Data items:
⟨

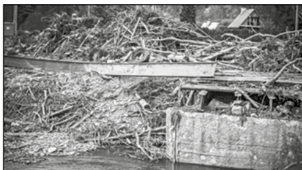
29| Povodně Řeka Opava u Široké Nivy, foto: Jana K. Kudrnová.
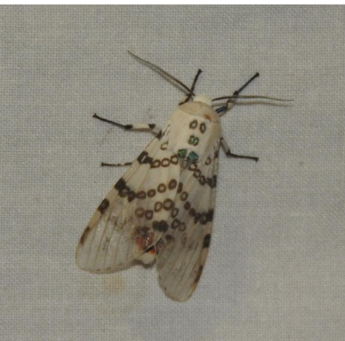
Hypercompe icasia (Cramer, 1777) EREBIDAE
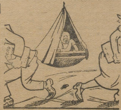
Муж на собрание, жена тоже. Что делать?
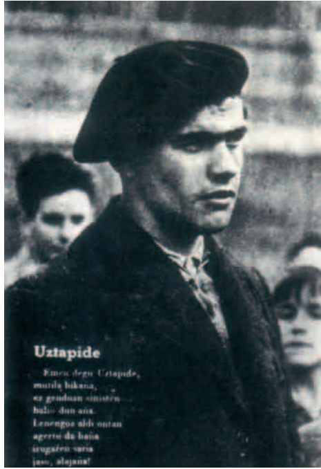
Uztapide Azpeitiko kanporaketan, 1936-I-1
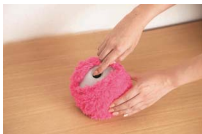
ボタンを長押しスタート。
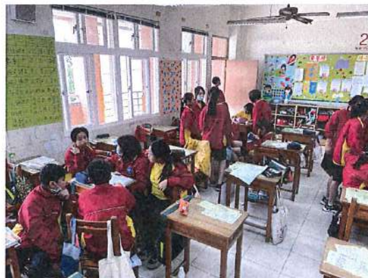
▲ 各個小組一同思考並製作書的封面
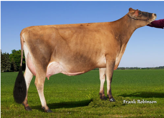
JX PROGENESIS CINDERELLA {6} DAM

JX PROGENESIS MONARCH {5} JX PROGENESIS CINDERELLA {6} DES-77%-2YR-USA JX SUNSET CANYON GOT MAID {5} PROGENESIS CRAZE CORDE EX-90%-5YR-USA RIVER VALLEY CIRCUS CRAZE JX PROGENESIS GRACE TOO {6} DES-73%-2YR-USA
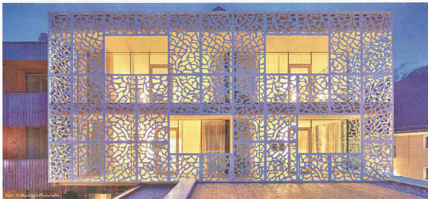
Blick auf den neuen Anbau an der Nordwestecke des Bestandsbaues, der durch die Verkleidung mit Laser geschnittenen Aluminiumblechen einen besonders reizvollen Blickpunkt darstellt.

Zentral und doch ruhig im Herzen der Marktgemeinde Matri i.O. gelegen, reicht die Geschichte des Iseltaler Gastbetriebes weit zurück. Aus der Zeit Maria Theresias stammt die Genehmigung für das Gast- und Schankgewerbe, wobei der jeweilige Besitzer gleichzeitig auch Konzessions-träger war. Alte Kaufverträge aus dem Jahre 1805 weisen darauf hin, dass hier eine „mayrische Wirtsbehausung“ mit Taverne bestand. 1903 wurde das Hotel-Gasthof Hinteregger von den Urgroßeltern der heutigen Inhaberin erworben. Seit dieser Zeit wird der „Hueter“, wie er in Matri genannt wird, als Familienbetrieb geführt, und immer waren die „Hueter“-Frauen begeisterte Gastgeberinnen. Aus dem ursprünglichen Gasthaus entwickelte sich im Laufe der Zeit ein florierender Hotelbetrieb. Die Basis dafür stellten wiederholte Um- und Ausbauten dar, wobei
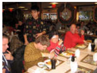
Vi besøgte en kinesisk restaurant i Herlev. Et godt sted med fin mad. Vi nød maden. ☺
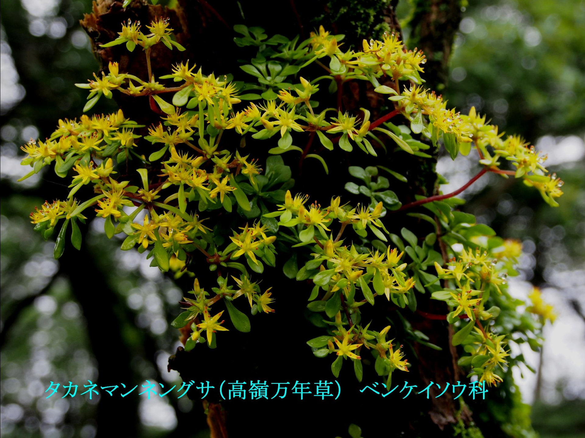
タカネマンネグサ(高嶺万年草) ベンケイソウ科

⟩

Required action: The entries above need to be printed again exactly; please exclude all pictures.

Task result:
29| Povodně Řeka Opava u Široké Nivy, foto: Jana K. Kudrnová.
Hypercompe icasia (Cramer, 1777) EREBIDAE
Муж на собрание, жена тоже. Что делать?
Uztapide Azpeitiko kanporaketan, 1936-I-1
ボタンを長押しスタート。
▲ 各個小組一同思考並製作書的封面
JX PROGENESIS CINDERELLA {6} DAM

JX PROGENESIS MONARCH {5} JX PROGENESIS CINDERELLA {6} DES-77%-2YR-USA JX SUNSET CANYON GOT MAID {5} PROGENESIS CRAZE CORDE EX-90%-5YR-USA RIVER VALLEY CIRCUS CRAZE JX PROGENESIS GRACE TOO {6} DES-73%-2YR-USA
Blick auf den neuen Anbau an der Nordwestecke des Bestandsbaues, der durch die Verkleidung mit Laser geschnittenen Aluminiumblechen einen besonders reizvollen Blickpunkt darstellt.

Zentral und doch ruhig im Herzen der Marktgemeinde Matri i.O. gelegen, reicht die Geschichte des Iseltaler Gastbetriebes weit zurück. Aus der Zeit Maria Theresias stammt die Genehmigung für das Gast- und Schankgewerbe, wobei der jeweilige Besitzer gleichzeitig auch Konzessions-träger war. Alte Kaufverträge aus dem Jahre 1805 weisen darauf hin, dass hier eine „mayrische Wirtsbehausung“ mit Taverne bestand. 1903 wurde das Hotel-Gasthof Hinteregger von den Urgroßeltern der heutigen Inhaberin erworben. Seit dieser Zeit wird der „Hueter“, wie er in Matri genannt wird, als Familienbetrieb geführt, und immer waren die „Hueter“-Frauen begeisterte Gastgeberinnen. Aus dem ursprünglichen Gasthaus entwickelte sich im Laufe der Zeit ein florierender Hotelbetrieb. Die Basis dafür stellten wiederholte Um- und Ausbauten dar, wobei
Vi besøgte en kinesisk restaurant i Herlev. Et godt sted med fin mad. Vi nød maden. ☺
タカネマンネグサ(高嶺万年草) ベンケイソウ科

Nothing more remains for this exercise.